One problem of Parquet user-defined key/value metadata is that, when 
merging footers of multiple Parquet files to generate the summary files, 
if two Parquet files have key/value entries with the same key but 
different values, Parquet doesn't know how to merge them, and simply 
throws an exception and gives up writing the summary file. If you're 
appending new data into an existing directory with old summary files, 
you may end up with stale summary files since the old ones are not 
properly overwritten.

This can be a problem in the case of schema evolution. For example, 
Spark SQL writes JSON-ized schema strings to Parquet files as key/value 
metadata. When appending new Parquet files into an existing directory 
containing existing files with different but compatible schemata, 
summary files can't be properly generated.

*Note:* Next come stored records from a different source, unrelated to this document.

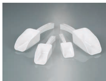
Palas desechables, PE verde, estériles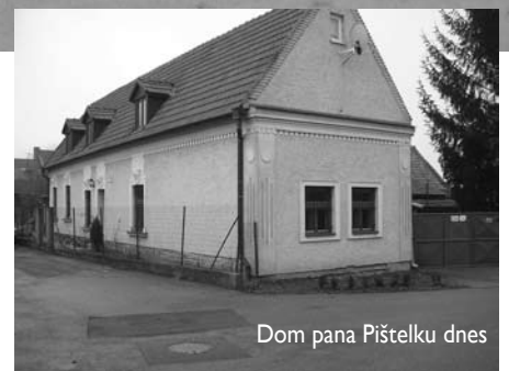
Dom pana Pištelku dnes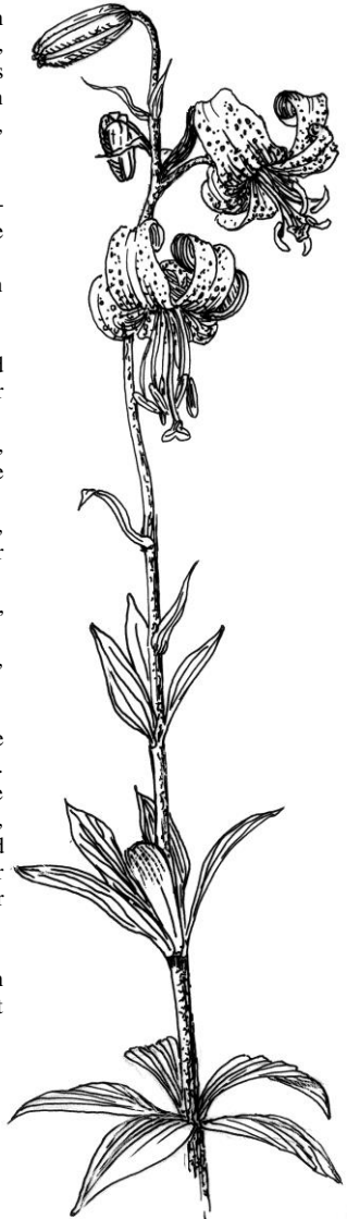
Lilium martagon - Türkenbund-Lilie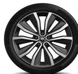
Aluminijumski naplatci 19" Egeus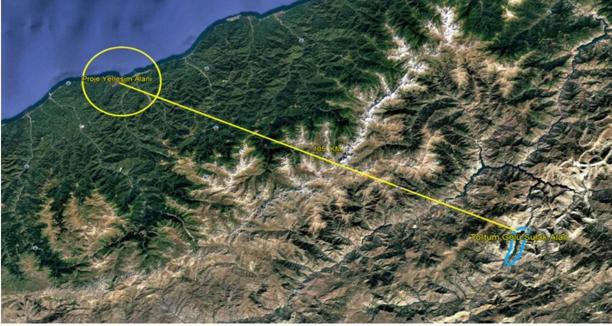
Şekil 7 Tortum Gölü Sulak Alanı'nın Konumunu Gösterir Uydu Görüntüsü

Yapılan mekânsal incelemeler ve mevcut veriler doğrultusunda, proje yerleşim alanının korunan alanlar ve sulak alanlar ile herhangi bir mekânsal çakışmasının bulunmadığı, bu alanlarla doğrudan veya dolaylı bir etkileşim içerisinde olmadığı değerlendirilmiştir. Projenin konumu, ölçeği ve uygulanacak faaliyetlerin niteliği dikkate alındığında, korunan alanlar, sulak alanlar ve bu alanlara özgü ekosistem bileşenleri üzerinde olumsuz bir çevresel etki oluşturması beklenmemektedir. Bu kapsamda proje faaliyetlerinin, söz konusu alanların bütünlüğü ve ekolojik işlevleri üzerinde herhangi bir bozucu veya kısıtlayıcı etki yaratmayacağı öngörülmektedir.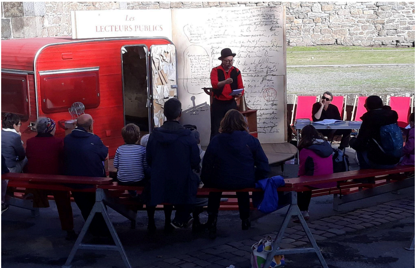
Dans la fosse aux lions, devant le château, un lecteur public fait le spectacle!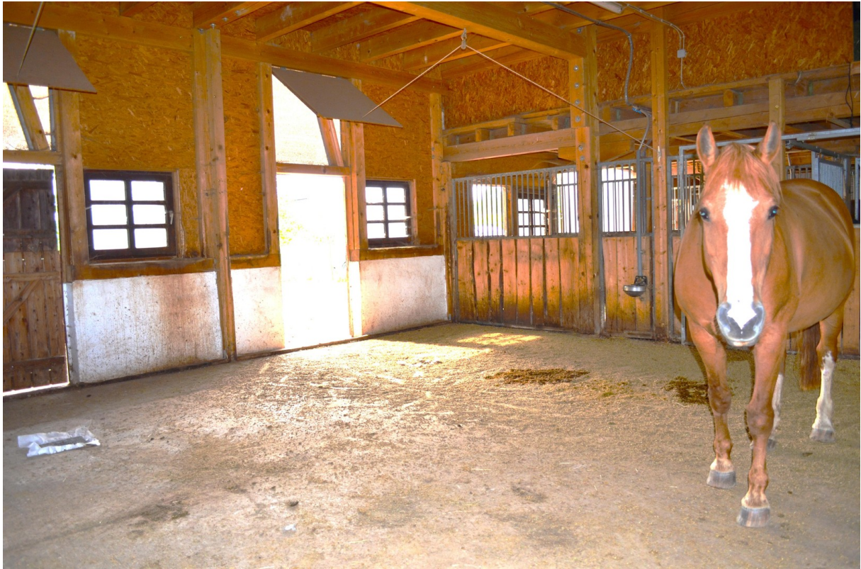
80 qm Unterstand im Stall

But in practice this isn't a big problem since Parquet summary files are 
not that important nowadays.

Cheng

On 6/16/16 1:19 PM, Wes McKinney wrote:
> To add a one bit of context, we're looking at the handling of integers
> other than INT32 and INT64 from the perspective of Apache Arrow. It
> seems that in Parquet 1 files, you may not be able to recover the
> original integer types from the file alone. The question is, should we
> put this metadata in the Parquet file? See
> https://github.com/apache/arrow/pull/89/files#diff-147a93dad8a2dfdac5531007c5c686b1R67
>
> If it may cause problems, we can leave the physical storage type as is
> and leave users to explicitly cast on deserialization to another
> integer type.
>
> Thanks,
> Wes
>
> On Thu, Jun 16, 2016 at 12:57 PM, Uwe Korn <uw...@xhochy.com> wrote:
>> Hello,
>>
>> I'm currently looking at the differences between Parquet 1 and Parquet 2 to
>> implement these versions as a switch in parquet-cpp. The only list I could
>> find is the rather undetailed changelog [1]. Is there maybe some better list
>> or do I need to go through the referenced changesets entries myself to find
>> the actual differences? (If the latter is the case, I'd also make a PR
>> afterwards that augments the documentation with some "(since version 2.0)"
>> markings. But I'm hoping a bit that there is some blog post or so out there
>> that could make my life easier.
>>
>> Thanks,
>>
>> Uwe
>>
>> [1] https://github.com/apache/parquet-format/blob/master/CHANGES.md
>>

Re: List of Additions to Parquet 2

Posted by Wes McKinney <we...@gmail.com>.

To add a one bit of context, we're looking at the handling of integers
other than INT32 and INT64 from the perspective of Apache Arrow. It
seems that in Parquet 1 files, you may not be able to recover the
original integer types from the file alone. The question is, should we
put this metadata in the Parquet file? See
https://github.com/apache/arrow/pull/89/files#diff-147a93dad8a2dfdac5531007c5c686b1R67

If it may cause problems, we can leave the physical storage type as is
and leave users to explicitly cast on deserialization to another
integer type.

Thanks,
Wes

On Thu, Jun 16, 2016 at 12:57 PM, Uwe Korn <uw...@xhochy.com> wrote:
> Hello,
>
> I'm currently looking at the differences between Parquet 1 and Parquet 2 to
> implement these versions as a switch in parquet-cpp. The only list I could
> find is the rather undetailed changelog [1]. Is there maybe some better list
> or do I need to go through the referenced changesets entries myself to find
> the actual differences? (If the latter is the case, I'd also make a PR
> afterwards that augments the documentation with some "(since version 2.0)"
> markings. But I'm hoping a bit that there is some blog post or so out there
> that could make my life easier.
>
> Thanks,
>
> Uwe
>
> [1] https://github.com/apache/parquet-format/blob/master/CHANGES.md
>